Source data:
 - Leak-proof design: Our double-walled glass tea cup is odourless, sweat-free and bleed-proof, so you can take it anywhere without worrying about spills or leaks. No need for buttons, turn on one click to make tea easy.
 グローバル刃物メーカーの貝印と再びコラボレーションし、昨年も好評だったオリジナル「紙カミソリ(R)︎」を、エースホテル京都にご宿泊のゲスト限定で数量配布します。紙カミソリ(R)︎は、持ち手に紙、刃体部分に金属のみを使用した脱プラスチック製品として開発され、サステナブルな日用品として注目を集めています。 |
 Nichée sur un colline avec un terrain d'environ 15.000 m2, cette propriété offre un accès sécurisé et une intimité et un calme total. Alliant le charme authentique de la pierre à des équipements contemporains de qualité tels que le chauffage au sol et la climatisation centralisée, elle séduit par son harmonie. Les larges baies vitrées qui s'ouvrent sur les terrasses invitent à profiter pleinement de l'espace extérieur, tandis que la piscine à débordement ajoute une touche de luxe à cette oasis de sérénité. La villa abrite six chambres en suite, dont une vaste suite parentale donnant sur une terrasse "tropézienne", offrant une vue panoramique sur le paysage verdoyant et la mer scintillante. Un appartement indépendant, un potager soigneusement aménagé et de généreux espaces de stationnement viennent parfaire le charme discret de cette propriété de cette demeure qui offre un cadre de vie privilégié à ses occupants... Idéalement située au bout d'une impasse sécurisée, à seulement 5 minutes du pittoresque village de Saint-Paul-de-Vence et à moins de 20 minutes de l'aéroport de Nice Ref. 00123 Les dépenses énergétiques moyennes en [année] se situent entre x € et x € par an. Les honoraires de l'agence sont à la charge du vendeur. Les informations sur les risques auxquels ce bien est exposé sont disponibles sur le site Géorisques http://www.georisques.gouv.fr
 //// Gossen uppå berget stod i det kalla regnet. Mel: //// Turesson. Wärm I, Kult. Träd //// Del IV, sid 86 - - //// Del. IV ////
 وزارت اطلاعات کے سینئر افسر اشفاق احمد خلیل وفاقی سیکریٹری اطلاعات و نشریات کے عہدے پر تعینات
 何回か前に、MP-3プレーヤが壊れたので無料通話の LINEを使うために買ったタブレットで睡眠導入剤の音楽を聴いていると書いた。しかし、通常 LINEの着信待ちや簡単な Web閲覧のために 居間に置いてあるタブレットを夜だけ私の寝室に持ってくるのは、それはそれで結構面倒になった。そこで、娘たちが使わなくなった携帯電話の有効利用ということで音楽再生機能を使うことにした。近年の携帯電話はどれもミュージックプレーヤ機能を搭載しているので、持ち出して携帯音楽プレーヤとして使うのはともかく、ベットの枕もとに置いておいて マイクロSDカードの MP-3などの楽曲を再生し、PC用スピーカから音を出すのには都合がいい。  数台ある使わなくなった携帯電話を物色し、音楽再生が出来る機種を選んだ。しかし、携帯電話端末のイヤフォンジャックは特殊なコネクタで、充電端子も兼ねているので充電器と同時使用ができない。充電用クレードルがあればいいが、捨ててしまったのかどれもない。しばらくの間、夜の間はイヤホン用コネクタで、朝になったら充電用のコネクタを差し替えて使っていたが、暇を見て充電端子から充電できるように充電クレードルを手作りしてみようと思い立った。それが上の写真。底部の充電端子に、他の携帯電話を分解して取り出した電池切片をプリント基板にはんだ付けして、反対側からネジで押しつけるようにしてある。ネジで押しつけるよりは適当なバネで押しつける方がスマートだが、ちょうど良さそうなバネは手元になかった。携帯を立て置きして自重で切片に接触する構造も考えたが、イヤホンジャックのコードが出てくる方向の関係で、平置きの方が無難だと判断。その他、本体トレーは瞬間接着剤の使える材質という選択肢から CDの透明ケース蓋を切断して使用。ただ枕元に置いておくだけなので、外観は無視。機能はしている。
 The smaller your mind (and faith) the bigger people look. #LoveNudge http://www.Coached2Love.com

Work request
What you hand back must match the records above exactly.

Response for this exercise
 - Leak-proof design: Our double-walled glass tea cup is odourless, sweat-free and bleed-proof, so you can take it anywhere without worrying about spills or leaks. No need for buttons, turn on one click to make tea easy.
 グローバル刃物メーカーの貝印と再びコラボレーションし、昨年も好評だったオリジナル「紙カミソリ(R)︎」を、エースホテル京都にご宿泊のゲスト限定で数量配布します。紙カミソリ(R)︎は、持ち手に紙、刃体部分に金属のみを使用した脱プラスチック製品として開発され、サステナブルな日用品として注目を集めています。 |
 Nichée sur un colline avec un terrain d'environ 15.000 m2, cette propriété offre un accès sécurisé et une intimité et un calme total. Alliant le charme authentique de la pierre à des équipements contemporains de qualité tels que le chauffage au sol et la climatisation centralisée, elle séduit par son harmonie. Les larges baies vitrées qui s'ouvrent sur les terrasses invitent à profiter pleinement de l'espace extérieur, tandis que la piscine à débordement ajoute une touche de luxe à cette oasis de sérénité. La villa abrite six chambres en suite, dont une vaste suite parentale donnant sur une terrasse "tropézienne", offrant une vue panoramique sur le paysage verdoyant et la mer scintillante. Un appartement indépendant, un potager soigneusement aménagé et de généreux espaces de stationnement viennent parfaire le charme discret de cette propriété de cette demeure qui offre un cadre de vie privilégié à ses occupants... Idéalement située au bout d'une impasse sécurisée, à seulement 5 minutes du pittoresque village de Saint-Paul-de-Vence et à moins de 20 minutes de l'aéroport de Nice Ref. 00123 Les dépenses énergétiques moyennes en [année] se situent entre x € et x € par an. Les honoraires de l'agence sont à la charge du vendeur. Les informations sur les risques auxquels ce bien est exposé sont disponibles sur le site Géorisques http://www.georisques.gouv.fr
 //// Gossen uppå berget stod i det kalla regnet. Mel: //// Turesson. Wärm I, Kult. Träd //// Del IV, sid 86 - - //// Del. IV ////
 وزارت اطلاعات کے سینئر افسر اشفاق احمد خلیل وفاقی سیکریٹری اطلاعات و نشریات کے عہدے پر تعینات
 何回か前に、MP-3プレーヤが壊れたので無料通話の LINEを使うために買ったタブレットで睡眠導入剤の音楽を聴いていると書いた。しかし、通常 LINEの着信待ちや簡単な Web閲覧のために 居間に置いてあるタブレットを夜だけ私の寝室に持ってくるのは、それはそれで結構面倒になった。そこで、娘たちが使わなくなった携帯電話の有効利用ということで音楽再生機能を使うことにした。近年の携帯電話はどれもミュージックプレーヤ機能を搭載しているので、持ち出して携帯音楽プレーヤとして使うのはともかく、ベットの枕もとに置いておいて マイクロSDカードの MP-3などの楽曲を再生し、PC用スピーカから音を出すのには都合がいい。  数台ある使わなくなった携帯電話を物色し、音楽再生が出来る機種を選んだ。しかし、携帯電話端末のイヤフォンジャックは特殊なコネクタで、充電端子も兼ねているので充電器と同時使用ができない。充電用クレードルがあればいいが、捨ててしまったのかどれもない。しばらくの間、夜の間はイヤホン用コネクタで、朝になったら充電用のコネクタを差し替えて使っていたが、暇を見て充電端子から充電できるように充電クレードルを手作りしてみようと思い立った。それが上の写真。底部の充電端子に、他の携帯電話を分解して取り出した電池切片をプリント基板にはんだ付けして、反対側からネジで押しつけるようにしてある。ネジで押しつけるよりは適当なバネで押しつける方がスマートだが、ちょうど良さそうなバネは手元になかった。携帯を立て置きして自重で切片に接触する構造も考えたが、イヤホンジャックのコードが出てくる方向の関係で、平置きの方が無難だと判断。その他、本体トレーは瞬間接着剤の使える材質という選択肢から CDの透明ケース蓋を切断して使用。ただ枕元に置いておくだけなので、外観は無視。機能はしている。
 The smaller your mind (and faith) the bigger people look. #LoveNudge http://www.Coached2Love.com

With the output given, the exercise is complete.